**Requirement:** The required result is an exact copy of the lines from the one containing "Asie, Japon, enfants, photo" to the last line of the records, both ends included, without pictures.

[Supplied data Boundary: Start]

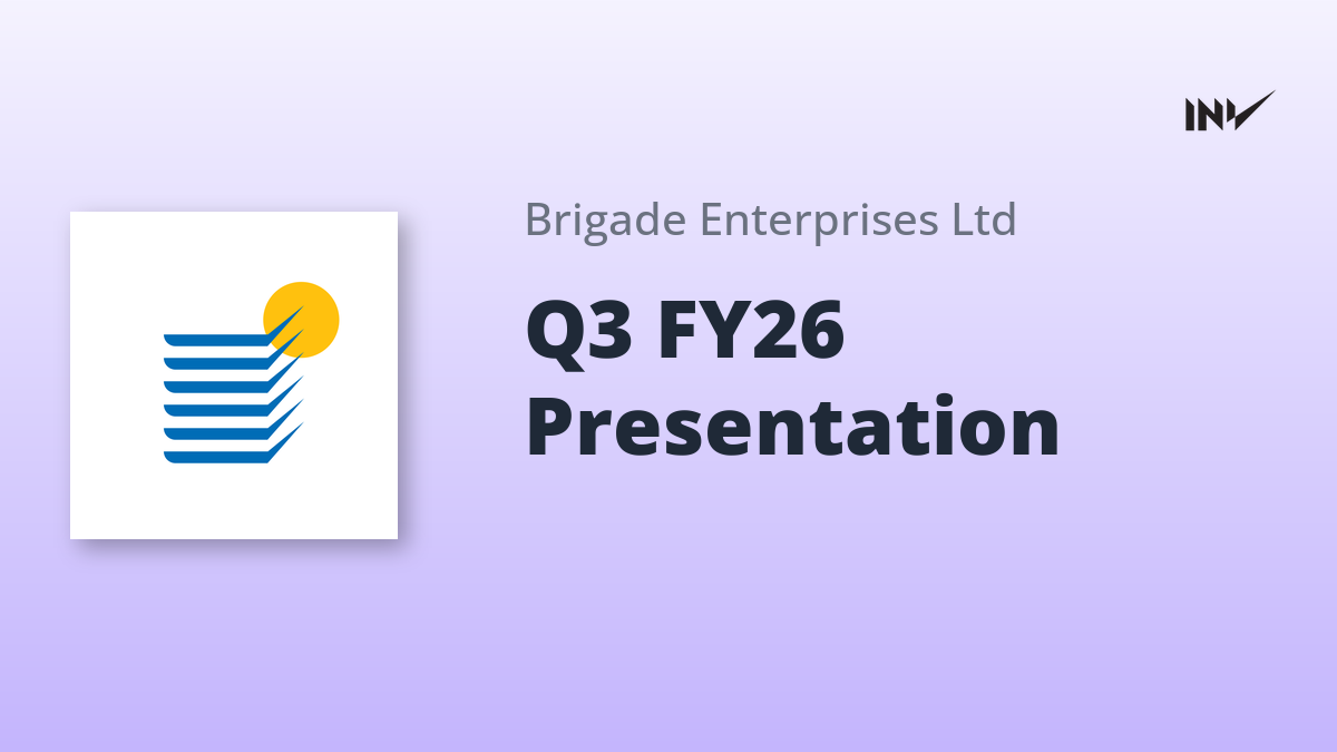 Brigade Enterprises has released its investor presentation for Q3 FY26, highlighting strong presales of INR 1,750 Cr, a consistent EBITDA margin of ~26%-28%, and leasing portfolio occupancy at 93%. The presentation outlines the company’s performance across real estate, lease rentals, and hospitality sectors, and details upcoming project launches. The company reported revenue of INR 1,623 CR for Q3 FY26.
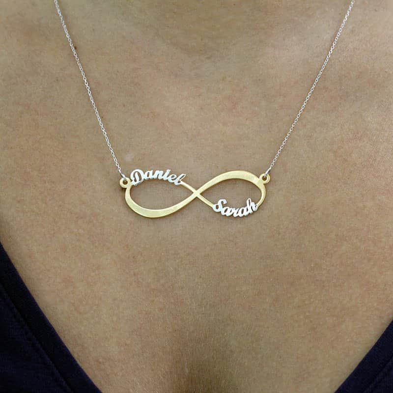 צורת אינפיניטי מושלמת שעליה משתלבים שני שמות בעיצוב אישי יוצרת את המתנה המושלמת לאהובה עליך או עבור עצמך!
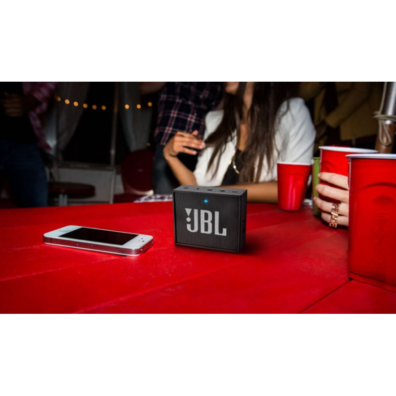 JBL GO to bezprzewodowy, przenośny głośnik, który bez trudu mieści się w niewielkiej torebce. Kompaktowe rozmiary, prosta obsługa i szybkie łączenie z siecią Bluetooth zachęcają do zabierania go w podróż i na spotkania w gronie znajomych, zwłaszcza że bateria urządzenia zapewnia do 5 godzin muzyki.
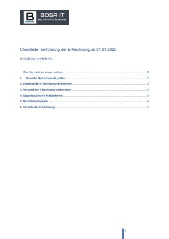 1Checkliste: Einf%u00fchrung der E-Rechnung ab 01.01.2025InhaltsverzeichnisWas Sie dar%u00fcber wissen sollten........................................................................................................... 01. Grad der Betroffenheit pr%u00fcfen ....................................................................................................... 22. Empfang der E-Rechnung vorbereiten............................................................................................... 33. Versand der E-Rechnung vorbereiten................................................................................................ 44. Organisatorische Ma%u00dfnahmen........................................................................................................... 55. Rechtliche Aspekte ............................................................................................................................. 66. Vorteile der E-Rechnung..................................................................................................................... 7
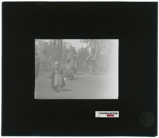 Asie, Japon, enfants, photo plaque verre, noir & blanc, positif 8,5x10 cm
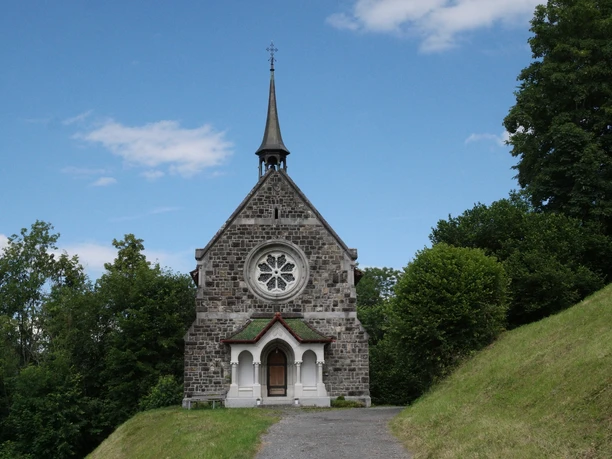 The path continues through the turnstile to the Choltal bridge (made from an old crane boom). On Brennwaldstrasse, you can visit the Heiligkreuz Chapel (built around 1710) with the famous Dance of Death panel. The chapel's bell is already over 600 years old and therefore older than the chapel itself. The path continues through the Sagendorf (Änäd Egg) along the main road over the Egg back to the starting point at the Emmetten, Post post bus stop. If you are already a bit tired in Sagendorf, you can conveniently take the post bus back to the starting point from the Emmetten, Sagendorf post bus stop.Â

[Supplied data Boundary: End]

**Answer section:**
 Asie, Japon, enfants, photo plaque verre, noir & blanc, positif 8,5x10 cm
 The path continues through the turnstile to the Choltal bridge (made from an old crane boom). On Brennwaldstrasse, you can visit the Heiligkreuz Chapel (built around 1710) with the famous Dance of Death panel. The chapel's bell is already over 600 years old and therefore older than the chapel itself. The path continues through the Sagendorf (Änäd Egg) along the main road over the Egg back to the starting point at the Emmetten, Post post bus stop. If you are already a bit tired in Sagendorf, you can conveniently take the post bus back to the starting point from the Emmetten, Sagendorf post bus stop.Â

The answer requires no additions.